Anti-atherosclerotic interventions restore lesion APOE expression

Taken together, our data suggest that restoring levels of macrophage APOE normalizes the MSRN expression pattern and that this normalization is a critical component of simvastatin's action. We also found that APOE was one of the most strongly downregulated MSRN proteins in cells harvested from Ldlr-/- mice fed a Western diet. To explore the possibility that simvastatin and rosiglitazone inhibit atherosclerosis partly by increasing APOE levels in artery wall macrophages, we used immunohistochemistry to investigate expression of APOE and the macrophage marker MAC2 in aortic lesions of Ldlr-/- mice fed a Western diet for 14 weeks.

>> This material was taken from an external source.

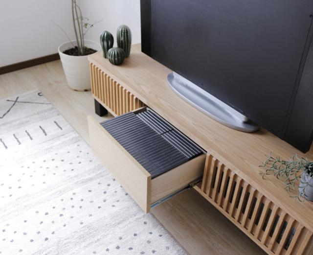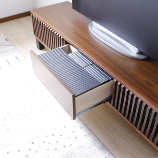 リビング周りの小物やDVDケースの収納に最適な引出しは、フルスライドレール仕様で奥までしっかりと見渡せます。DVDなどをたっぷり収納しても、スムーズに開閉ができます。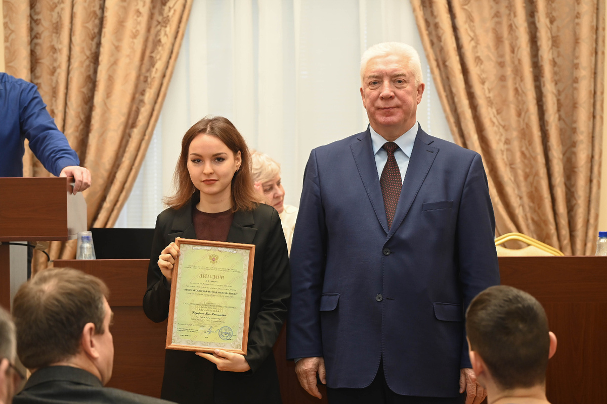 27 ноября на заседании Ученого совета Пензенского государственного университета ректор Александр Гуляков поздравил студентов и их научных руководителей с победами в престижных конкурсах и олимпиадах. Глава вуза подчеркнул высокий потенциал студенческой молодежи ПГУ и вручил заслуженные награды. В рамках XX Всероссийского конкурса молодежи образовательных и научных организаций на лучшую работу «Моя законотворческая инициатива» студенты Юридического института ПГУ показали выдающиеся результаты. Альбина Гаджибаева удостоена диплома III степени в номинации «Образование, наука, здравоохранение и культура». Яна Хадарина получила диплом II степени в номинации «Государственное строительство и конституционные права граждан». Екатерина Плясунова стала обладательницей диплома I степени в номинации «Оборона и безопасность». За подготовку призеров конкурса награждены: Наталья Макеева (доцент кафедры «Теория государства и права и политология») — по направлению «Образование, наука, здравоохранение и

The lesions contained high levels of APOE. However, the bulk of immunoreactive material localized to their necrotic cores (Fig. 6c, Fig. S5). Treating the animals for 2 weeks with simvastatin or rosiglitazone markedly increased macrophage APOE protein levels (simvastatin, p=0.04; rosiglitazone, p=0.03) without appreciably altering the amount of APOE detected in the necrotic core (Fig. 6c-d, Fig. S5). Collectively, these observations provide strong evidence that macrophage foam cells in the artery wall, like foam cells isolated from the peritoneal cavity of hypercholesterolemic Ldlr-/- mice, have abnormally low APOE levels that are normalized by anti-atherosclerotic interventions.

Discussion

In contrast to traditional biochemical studies that focus on individual proteins, our approach seeks to identify protein networks that coherently respond to environmental, pharmacological, and genetic interventions that promote cardiovascular disease. We therefore used tandem mass spectrometry in concert with bioinformatics to obtain a comprehensive view of the shed and secreted proteome of macrophage foam cells generated in vivo. By determining the known physical interactions and biological functions of differentially expressed proteins, we identified the macrophage sterol-responsive network (MSRN), a highly integrated network of proteins that are coordinately regulated by sterol loading.

Networks of highly interconnected proteins can develop new, disease-causing properties when strongly perturbed (Lusis et al., 2008; Chen et al., 2008), and two lines of evidence suggest that modulating the expression of key MSRN proteins can influence atherosclerosis. First, relative to the overall shed and secreted macrophage proteome, the MSRN was greatly enriched in proteins linked to established atherosclerotic phenotypes in transgenic and knock-out mice. Moreover, levels of APOE, C3, CYSC, LRP1, LYZ, and MFGE8 were lower when macrophages were loaded with sterol in vivo, and atherosclerosis is enhanced in mice that lack any of those proteins (Bellosta et al., 1995; Linton et al., 1995; Buono et al., 2002; Bengsston et al., 2005; Overton et al., 2007; Liu et al., 2006; Ait-Ouefella et al., 2007). In contrast, ADFP levels were enhanced in cholesterol-loaded macrophages, and transgenic expression of ADFP promotes atherosclerosis in mice (Paul et al., 2008). These observations further support our proposal that MSRN proteins are coordinately regulated and that network dysregulation is important for foam cell formation and atherogenesis.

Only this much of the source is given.